• _ABOUT THIS EXERCISE_
In the data that follows, how many lines contain the word "LimeRock"? Give only that number.
── DATA SECTION
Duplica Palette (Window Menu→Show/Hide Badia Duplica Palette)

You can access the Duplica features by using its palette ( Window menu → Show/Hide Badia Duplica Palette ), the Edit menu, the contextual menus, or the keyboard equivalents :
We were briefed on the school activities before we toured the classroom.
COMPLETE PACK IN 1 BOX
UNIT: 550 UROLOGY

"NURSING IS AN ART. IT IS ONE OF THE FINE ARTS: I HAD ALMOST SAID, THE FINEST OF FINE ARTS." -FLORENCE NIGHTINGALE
────
── DATA SECTION
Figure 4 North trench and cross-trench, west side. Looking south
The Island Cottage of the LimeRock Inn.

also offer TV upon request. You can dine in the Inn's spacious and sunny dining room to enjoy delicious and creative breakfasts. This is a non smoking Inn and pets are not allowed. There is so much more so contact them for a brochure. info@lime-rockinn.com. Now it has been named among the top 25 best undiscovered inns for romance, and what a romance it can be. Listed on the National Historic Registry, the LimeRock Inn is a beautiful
────
── DATA SECTION
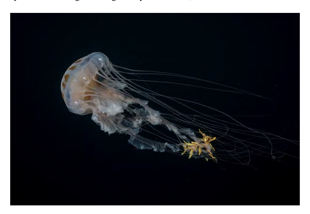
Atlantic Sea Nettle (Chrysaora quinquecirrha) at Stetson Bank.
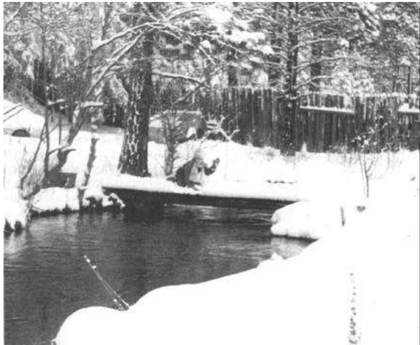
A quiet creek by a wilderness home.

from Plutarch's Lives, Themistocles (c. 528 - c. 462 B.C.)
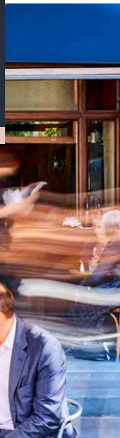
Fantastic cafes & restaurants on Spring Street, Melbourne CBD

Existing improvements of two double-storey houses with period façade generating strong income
────
• _RESULT OF THE EXERCISE_
2